* _RECORDED INFORMATION_
====================
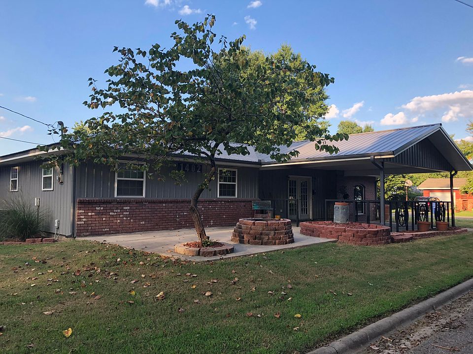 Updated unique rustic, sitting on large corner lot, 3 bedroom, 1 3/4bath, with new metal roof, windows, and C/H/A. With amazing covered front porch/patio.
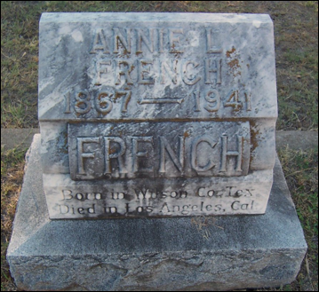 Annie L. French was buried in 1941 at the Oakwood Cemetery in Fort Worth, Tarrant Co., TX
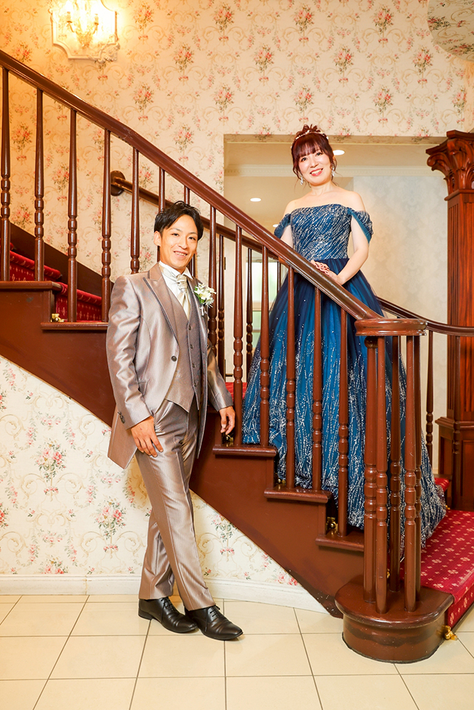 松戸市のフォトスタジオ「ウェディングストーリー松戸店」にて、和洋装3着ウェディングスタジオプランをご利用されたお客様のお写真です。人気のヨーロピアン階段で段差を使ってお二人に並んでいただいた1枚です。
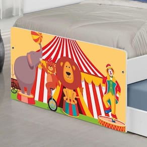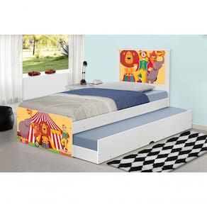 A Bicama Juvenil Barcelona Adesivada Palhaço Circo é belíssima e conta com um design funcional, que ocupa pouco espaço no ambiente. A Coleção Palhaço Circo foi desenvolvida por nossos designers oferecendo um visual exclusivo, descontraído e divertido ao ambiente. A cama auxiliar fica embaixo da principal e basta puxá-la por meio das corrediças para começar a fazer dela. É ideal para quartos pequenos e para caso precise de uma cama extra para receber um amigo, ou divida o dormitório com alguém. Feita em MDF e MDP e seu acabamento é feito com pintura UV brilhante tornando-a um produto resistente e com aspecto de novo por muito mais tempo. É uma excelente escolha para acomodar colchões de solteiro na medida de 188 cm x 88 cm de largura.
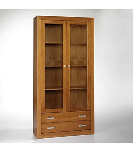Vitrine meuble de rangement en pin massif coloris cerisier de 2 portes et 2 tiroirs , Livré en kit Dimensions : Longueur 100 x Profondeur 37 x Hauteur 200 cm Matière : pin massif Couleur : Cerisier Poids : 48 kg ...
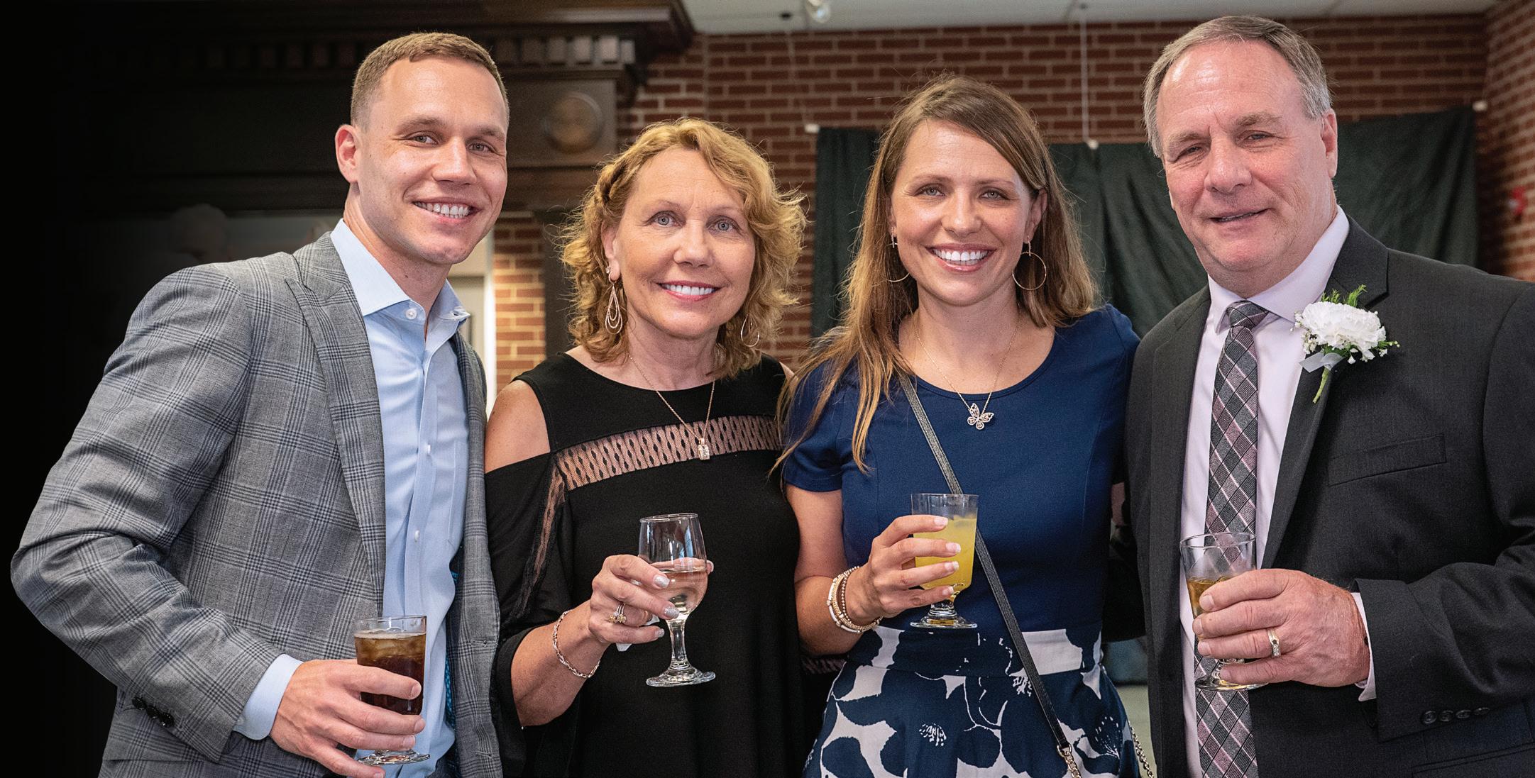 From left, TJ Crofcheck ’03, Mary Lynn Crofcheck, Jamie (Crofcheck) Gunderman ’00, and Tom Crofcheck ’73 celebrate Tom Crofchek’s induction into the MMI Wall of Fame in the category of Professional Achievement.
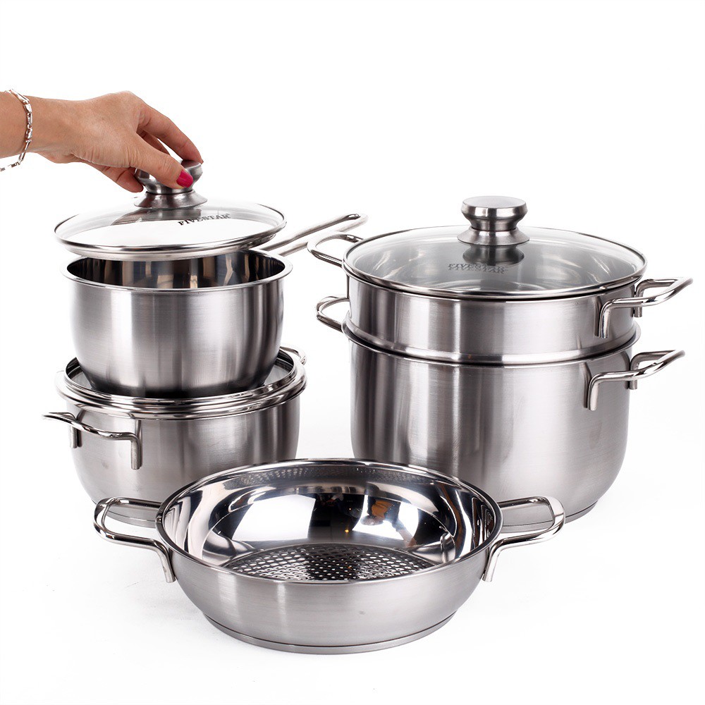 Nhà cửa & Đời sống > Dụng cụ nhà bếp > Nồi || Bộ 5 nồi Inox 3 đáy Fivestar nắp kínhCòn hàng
====================
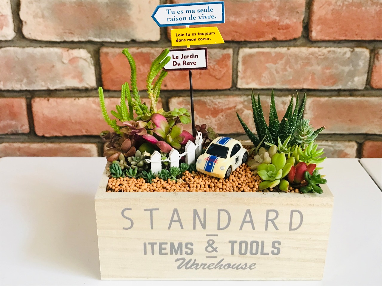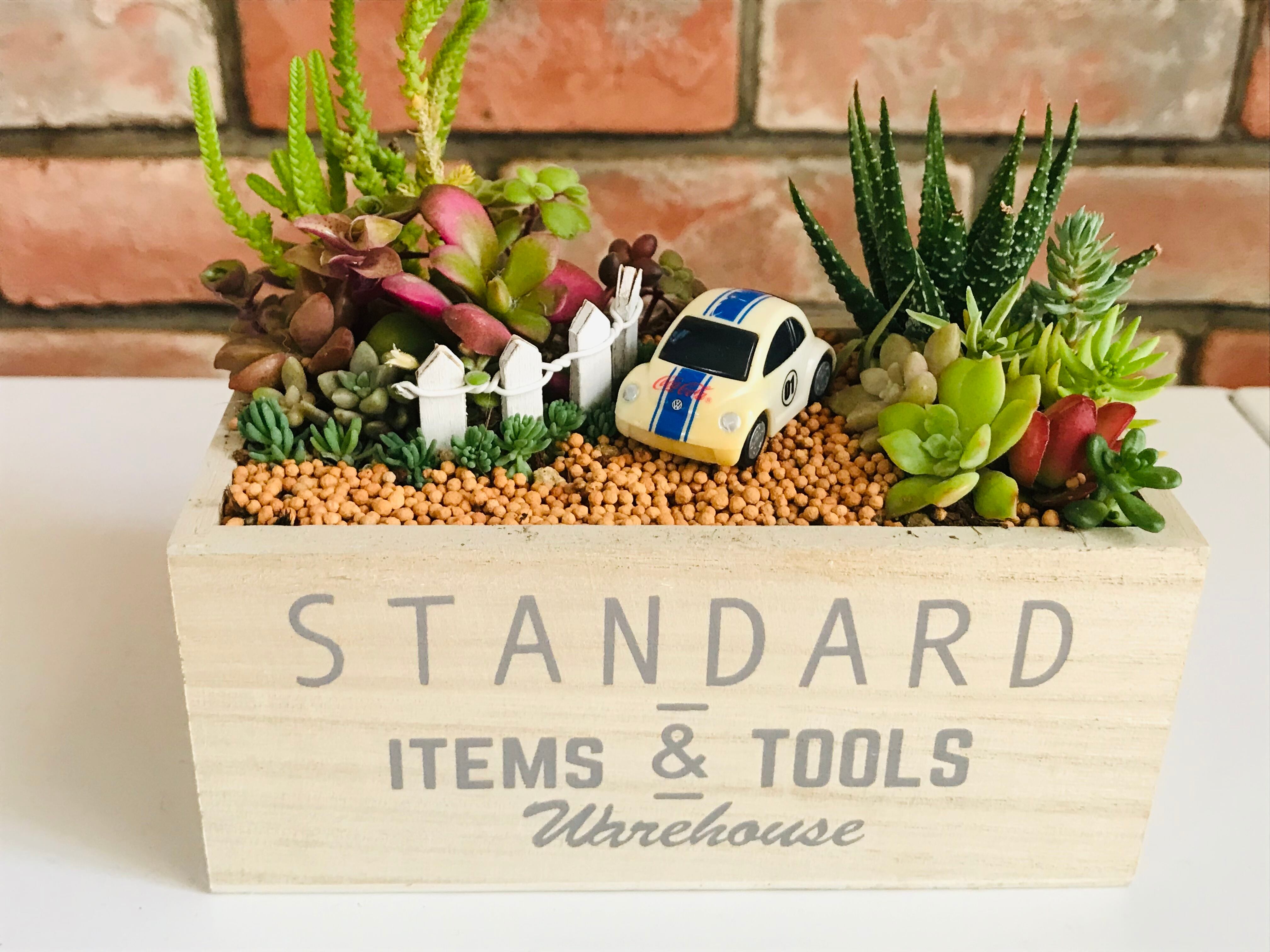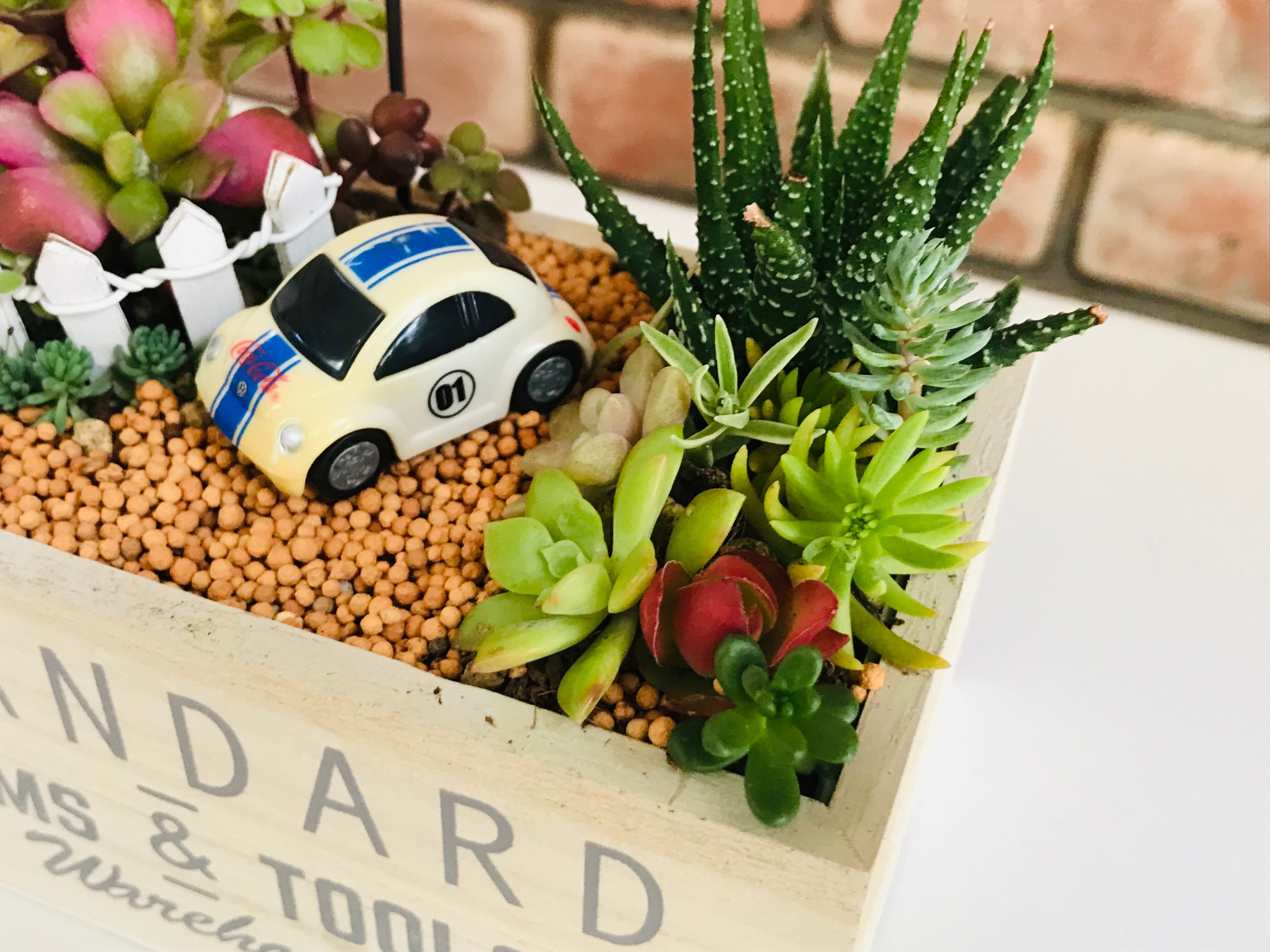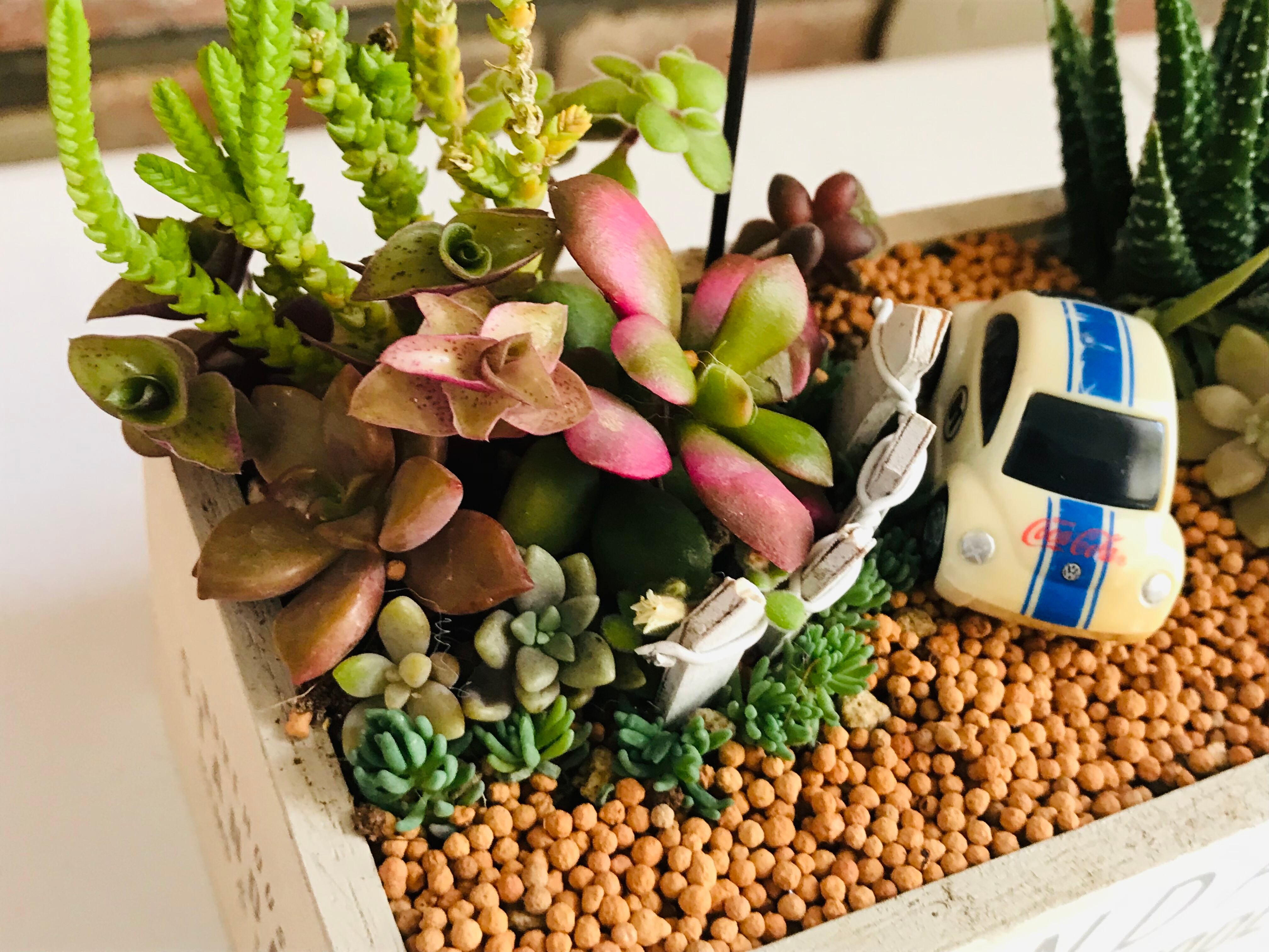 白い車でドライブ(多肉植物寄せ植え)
====================
Where a picture appears in the records above, omit it, and transcribe exactly the stretch of lines from the one with "Updated unique rustic, sitting" through the one with "松戸市のフォトスタジオ「ウェ".

 Updated unique rustic, sitting on large corner lot, 3 bedroom, 1 3/4bath, with new metal roof, windows, and C/H/A. With amazing covered front porch/patio.
 Annie L. French was buried in 1941 at the Oakwood Cemetery in Fort Worth, Tarrant Co., TX
 松戸市のフォトスタジオ「ウェディングストーリー松戸店」にて、和洋装3着ウェディングスタジオプランをご利用されたお客様のお写真です。人気のヨーロピアン階段で段差を使ってお二人に並んでいただいた1枚です。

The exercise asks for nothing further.